Merry Christmas, cereal fans! Yes, as quickly as it was over, it's come round again, December hit me like the sack of coal I probably deserve to find in my stocking this year. As I write this from the uni library, procrastinating and thinking about which wine will be the cheapest for my predrink tonight (told you I deserve coal) I can overhear the chatter of students talking about festive knitted jumpers.
Maybe it's because I am cold, hard hearted, numb to the pain of university life being a fourth year or I'm just mean, but I feel like Scrooge. Sat in a corner by a window scowling at the young'uns having a whale of a time, I am envious. Here I have sat, every day this week in this same library, working my little fingers to the bone, not really sure how they're managing to be so...HAPPY.

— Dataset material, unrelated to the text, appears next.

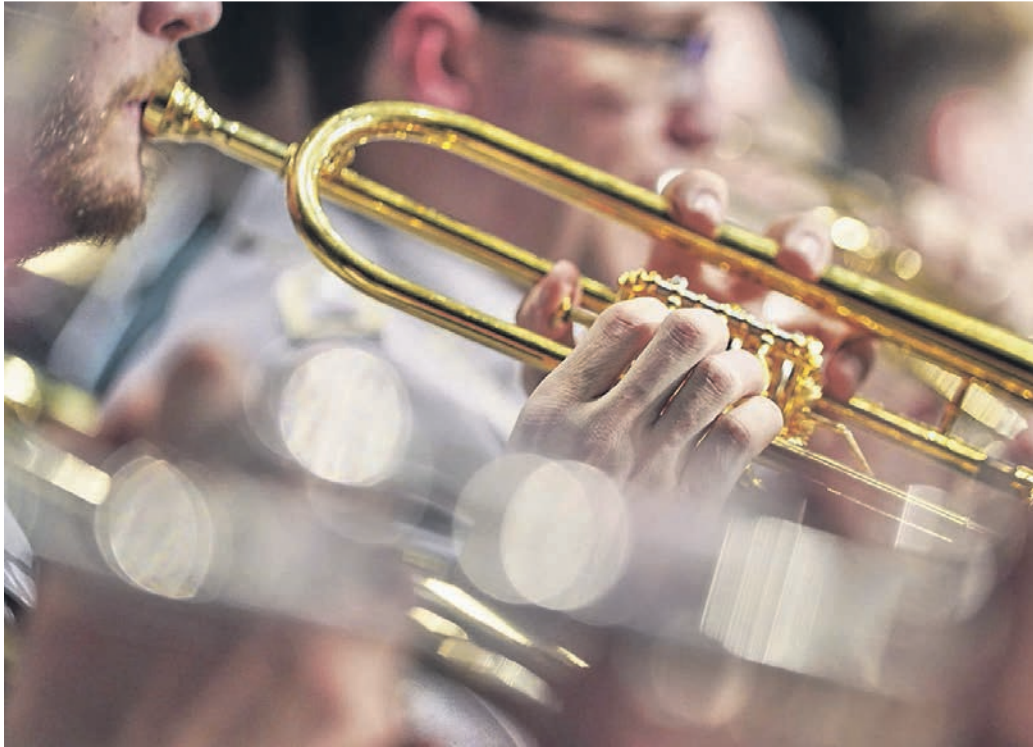
Endlich wieder gemeinsam auf der Bühne: Die Hildener Musikschule feiert ihr Jubiläum mit einem Konzert, bei dem die Musiker endlich wieder gemeinsam spielen.

Es ist ein besonderes Projekt, das durch eine Landesförderung finanziert wird, um die gebeutelten Schüler sprichwörtlich bei der Stange zu halten und zu motivieren. Denn weil die Ensembles der Musikschule seit 2020 nur wenige Wochen proben und dann auch nur in reduzierter Besetzung zusammenkommen konnten, und weil Auftritte und Konzerte abgesagt werden mussten, schwand bei vielen die Begeisterung. Selbst moderner Distanzunterricht am

Yes I know, I know, I'm a final year, the words "EMPLOYMENT" and "MASTERS" hanging over my head like the ghosts of Marley and Marley. Don't you have work to do, first years? Don't you have a list of books on request from the British Library? Is your Christmas Pinterest board not filled with expensive hardback books on French propaganda?!

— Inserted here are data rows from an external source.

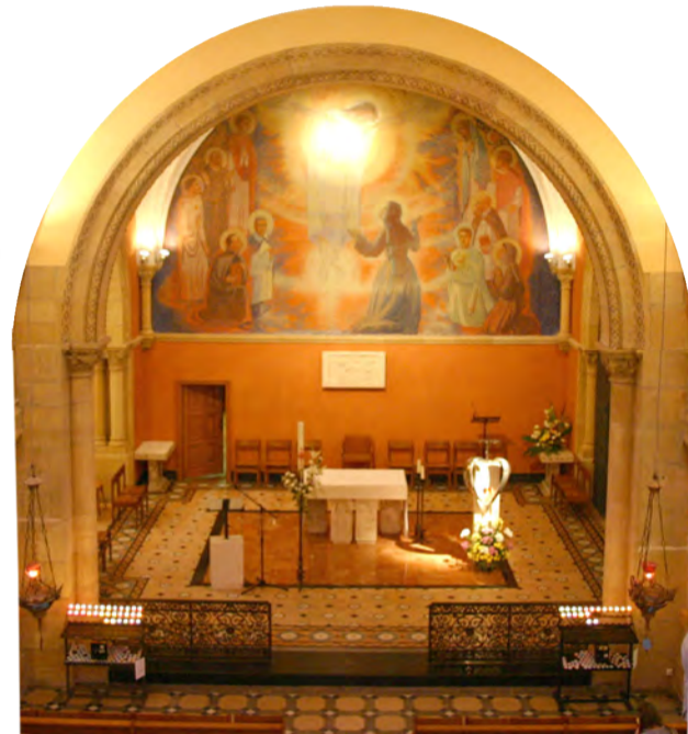
▲顯現堂祭台後方的榮美壁畫
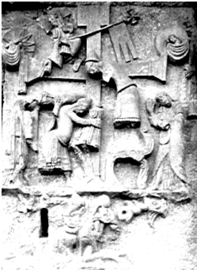
Reliëf van de kruisafname bij de Externsteine.

De sterrenbeelden van de dierenriem staan aan de hemel als de geestelijk-astrale oerbeelden, waarin nog steeds de Cherubijnen huizen en die als het oerbeeld van Adam Kadmon nog steeds op de aardse mens inwerken, zij het zijdelings; de mens moet vanuit zijn hogere wezen weer naar die sterren toe kunnen groeien. En het hogere deel van zijn ik, dat de kiemen van zijn geestmens in zich draagt, is op de zon achtergebleven. Vandaar dat het zinvol is om over de siderische dierenriem te spreken met betrekking tot zonne-horoscopie; de siderische standen geven uitsluitel
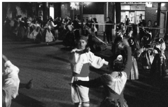
sus danzas la calle Sant Josep hasta llegar a la plaza del País Valencià, donde prepararon una actuación especial.

Los participantes en la Dansà 97 recorrieron con sus bailes típicos las calles del municipio. Concretamente, los bailarines de los grupos participantes en el acto y que cada año son invitados a la Dansà por los conjuntos organizadores, recorrieron con
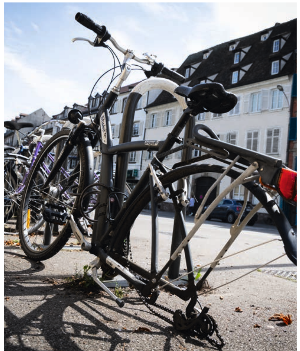
Les bicyclettes sont retapées par des structures d'insertion. J. DORKEL

RECYCLAGE. Les vélos-épaves, eux, ne sont pas pour autant perdus. L'Eurométropole a en effet passé une convention avec plusieurs associations et structures d'insertion sociale et solidaire qui s'emploient à ressusciter ces estropiés de la vie citadine, quitte à prendre les roues de l'un pour les installer sur le cadre de l'autre. {GR}
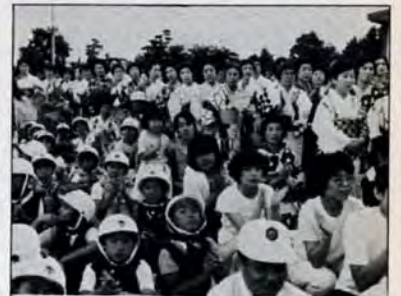
大盛況の消防の夕べ—8月5日、上津役小学校で行われた「市民と消防の夕べ」。うちわ片手に2000人。楽しい夏の夕べを過ごしました。
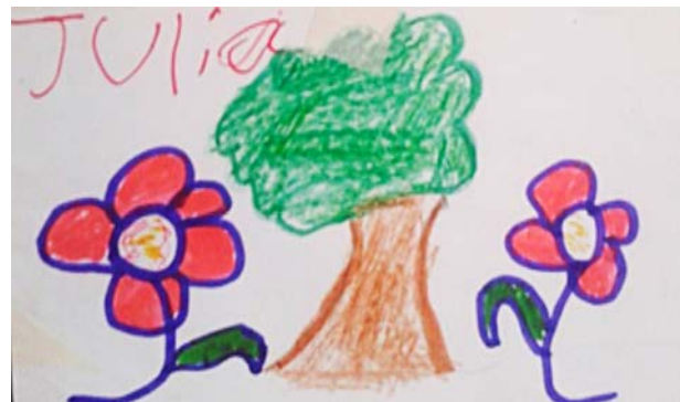
“Son muy bonitos los árboles y las flores” Julia
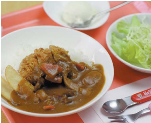
カツカレーに大満足! お子様カレーセット(デザート・おまけ付) 600円

In fact, maybe I am not the Scrooge, but the Tiny Tim of this situation. Sniffling and shivering as I so often do in my cold student bedroom, wailing because I can't afford to buy a goose for Christmas dinner and hobbling around on my crutches. Okay, those last two are a lie, but I am conflicted in my feelings of festivity. On the one hand, ding dong merrily on high, it's almost Christmas - family, food, Mariah Carey and that coat I've been eyeing up from Topshop, mum? I can eat stuffing and trifle and parade around in a jumper that has ducks on wearing a paper hat, all in the name of the season! But then that sinking feeling creeps in. Work. It's always playing on the back of my mind, the words of my dissertation tutor ringing in my ears: "READREADREADREAD" and no, it's no coincidence that that looks like both "read" and "dread". I am fully aware of the extent of work I have to do this year in order to do well and not let my parents down. I totally get it, I do, but ruin my Christmas with writing 10,000 words on France, Nottingham Trent how dare you? If Hugh Grant was the Prime Minister like he is in Love Actually, he'd never stand for this.

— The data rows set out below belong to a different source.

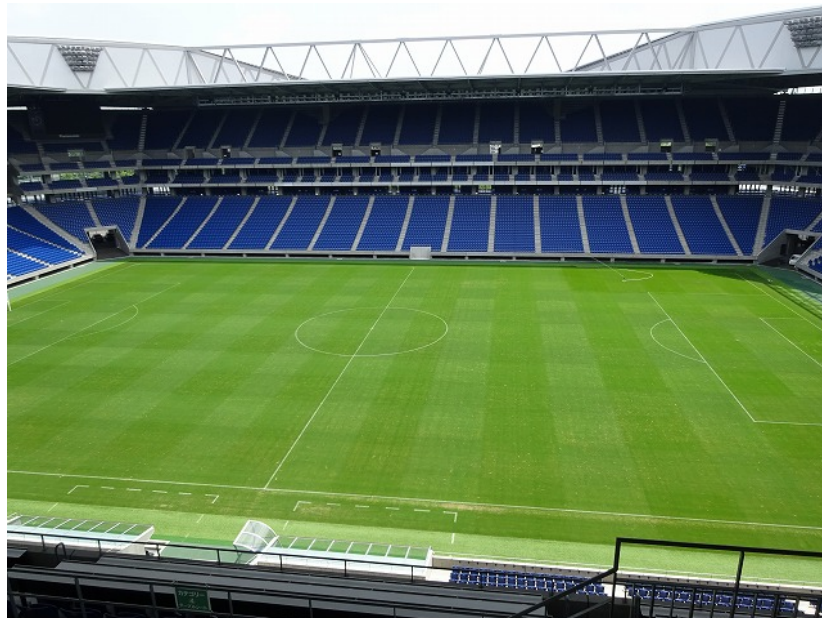
とても広大なパノラマな眺め！凄〜い！！あれ前に窓がないよ。 実況者も、臨場感を味わって実況できるようになっているんだって。
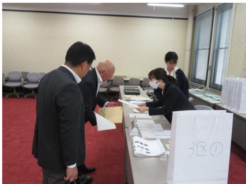
立候補届出受付(4) (10月15日)
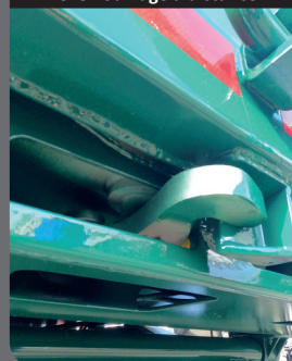
Déverrouillage à distance

Déverrouillage pneumatique à distance des crémones
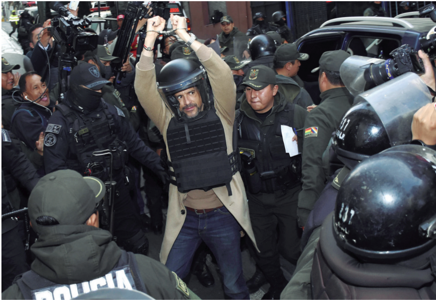
En octubre de 2024, el gobernador de Santa Cruz fue trasladado con casco y chaleco desde Chonchocoro para el juicio oral por el caso Golpe I.

TRES LÍDERES OPOSITORES PARTICIPARÁN DE LA CARAVANA
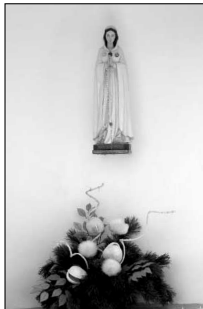
Santa Maria Rosa Mystica v hájské kapličce
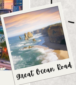
Great Ocean Road
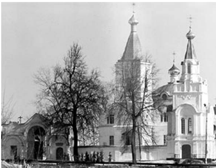
Спасо-Преображенский монастырь в Рославле.

Не исключено, что никакого клада и не было, а какую-то часть ценностей настоятель успел передать верным людям, которые после падения безбожной власти должны были возвратить в монастырь хранимое. Но возрождение монастыря началось лишь в 1996 г. 28 декабря этого года на заседании Священного Синода Русской Православной Церкви было принято решение о возобновлении монастыря в городе Рославле Смоленской области. Настоятелем был назначен игумен Сергей (Зятков).
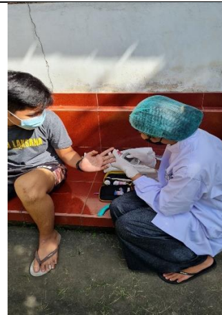
Pemeriksaan kadar hemoglobin
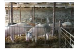
Se utilizan biocidas en ganadería.

2.4 En ganadería , los animales, sus derivados y cualquier recinto y material utilizados suelen tratarse con biocidas para descontaminarlos, para evitar el desarrollo de microorganismos potencialmente dañinos y para proteger a los animales de enfermedades.

Perhaps I am being dramatic. I have thrived in the library this week, an introvert's paradise. Books, my laptop and getting down to some serious working business, there's even a Starbucks on the ground floor! I will need to remember this as I continually traipse back and forth to Nottingham to renew books this festive season. I need all the encouragement I can get. I'll wear tacky jumpers, listen to Slade on the bus, paint my nails with glitter and wear reindeer antlers. I'll eat turkey sandwiches whilst I slave away over my research on World War Two and my goodness I shall make snowmen out of balled up paper at my desk.
This is getting too much. I need a mince pie. I don't even like mince pies.